MIPCandy

Medical Image Processing Training Framework

Role: Research Intern
Status: Active
Tech Stack:
PythonPyTorchMedical AIComputer Vision

MIPCandy: Accelerating Medical AI Research

During my internship at UTMIST (University of Toronto Machine Intelligence Student Team), Project Neura, I contribute to the development of MIPCandy, an open-source infrastructure framework designed to streamline medical image processing workflows.

The Challenge

Medical imaging research often requires significant engineering effort before researchers can focus on their core innovations.

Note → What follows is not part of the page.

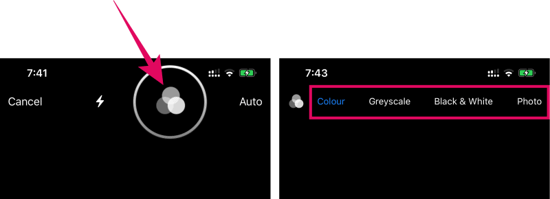 The scanner uses Colour mode as the default filter. To change it, tap the filter icon in the top row, and select a different filter.

Setting up training pipelines, integrating evaluation metrics, and managing experiment tracking can take weeks of development time.

What is MIPCandy?

MIPCandy is a PyTorch-based framework that enables researchers to "build a complete experiment pipeline for your medical imaging model in 10 seconds." The framework provides out-of-the-box integration of neural network architectures with their corresponding training, inference, and evaluation pipelines.

Key Features

  • Pre-integrated Architectures: Support for state-of-the-art medical imaging models including UNet, UNetR, UNet++, and MedNeXt
  • Flexible Training System: Configurable presets for different medical imaging tasks
  • Advanced Data Processing: Comprehensive data preprocessing and augmentation pipelines
  • Random Patch Support: Efficient handling of large medical images through intelligent patch sampling
  • Dashboard Integration: Seamless integration with Notion, WandB, and TensorBoard for experiment tracking

My Contributions

As a research intern, I focus on several critical components of the framework:

  • Developing model adapters for various segmentation architectures (UNet, UNetR, UNet++, MedNeXt)
  • Implementing training presets for different medical imaging modalities
  • Building robust data processing pipelines
  • Adding random patch sampling support for efficient training on high-resolution medical images

Impact

MIPCandy supports multiple medical imaging tasks including classification, segmentation, and detection across various modalities such as MRI and CT scans. By reducing the engineering overhead, the framework allows researchers to focus on advancing medical AI rather than rebuilding infrastructure.

This project represents an important step in democratizing medical AI research, making it more accessible to researchers and accelerating the development of diagnostic tools that can improve patient outcomes.